• Task: Return nothing but the lines from the line with "1月22日,pg电子官网参加" through the last line of the entries that follow, copied exactly and free of pictures.

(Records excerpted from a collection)
______________________________

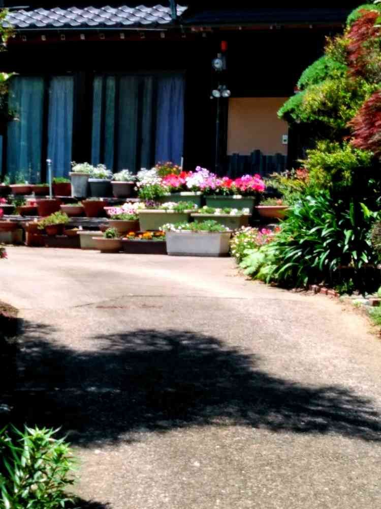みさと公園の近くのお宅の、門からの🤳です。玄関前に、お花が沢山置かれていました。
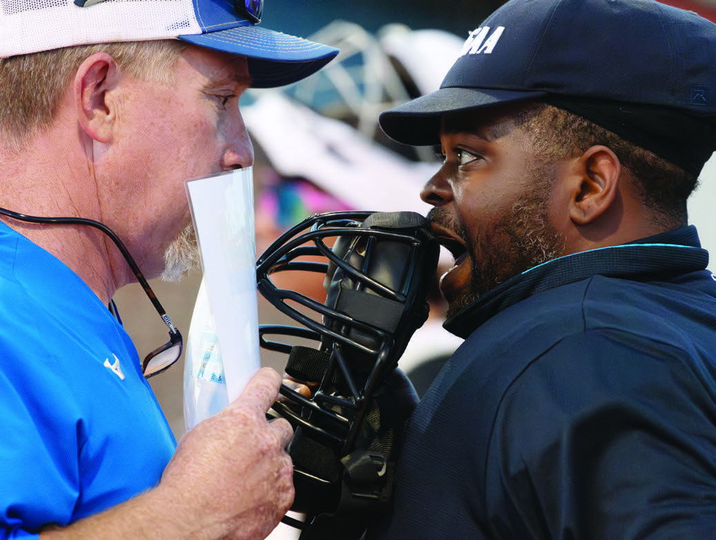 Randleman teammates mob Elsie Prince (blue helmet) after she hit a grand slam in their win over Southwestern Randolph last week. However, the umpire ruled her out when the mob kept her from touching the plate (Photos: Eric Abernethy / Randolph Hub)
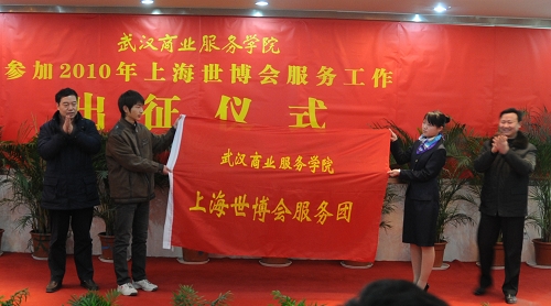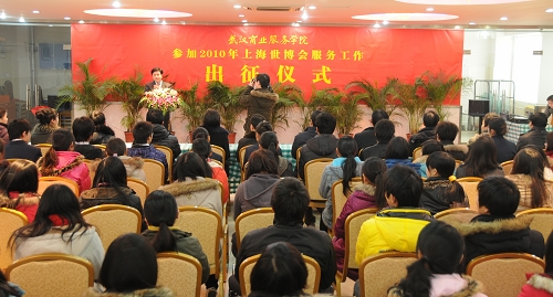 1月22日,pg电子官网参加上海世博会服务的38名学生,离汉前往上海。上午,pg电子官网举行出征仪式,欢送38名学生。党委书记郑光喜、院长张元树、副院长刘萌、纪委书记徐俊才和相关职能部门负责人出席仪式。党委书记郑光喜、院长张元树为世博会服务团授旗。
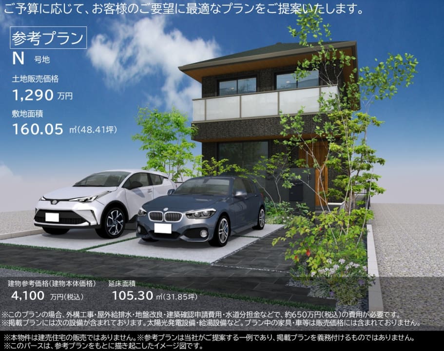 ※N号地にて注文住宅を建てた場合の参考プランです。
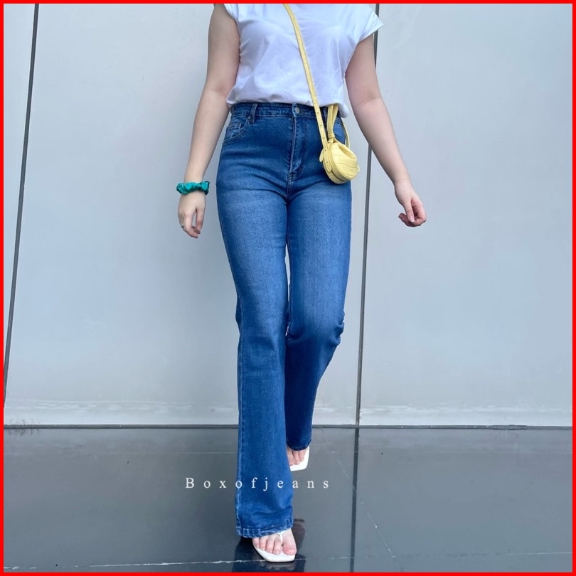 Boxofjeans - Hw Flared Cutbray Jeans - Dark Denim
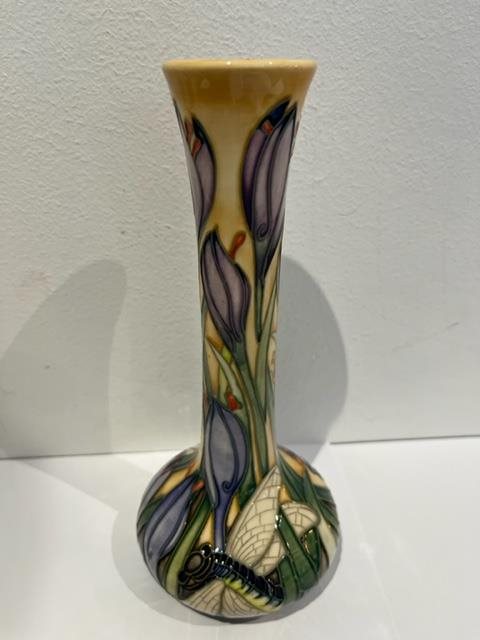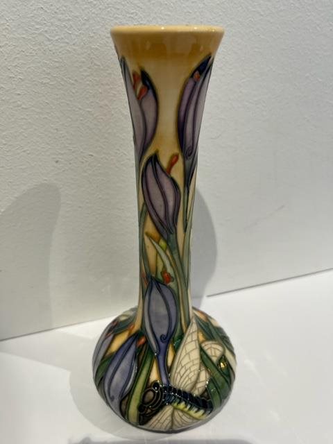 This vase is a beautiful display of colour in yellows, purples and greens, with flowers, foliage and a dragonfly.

______________________________

• Task solution:
 1月22日,pg电子官网参加上海世博会服务的38名学生,离汉前往上海。上午,pg电子官网举行出征仪式,欢送38名学生。党委书记郑光喜、院长张元树、副院长刘萌、纪委书记徐俊才和相关职能部门负责人出席仪式。党委书记郑光喜、院长张元树为世博会服务团授旗。
 ※N号地にて注文住宅を建てた場合の参考プランです。
 Boxofjeans - Hw Flared Cutbray Jeans - Dark Denim
 This vase is a beautiful display of colour in yellows, purples and greens, with flowers, foliage and a dragonfly.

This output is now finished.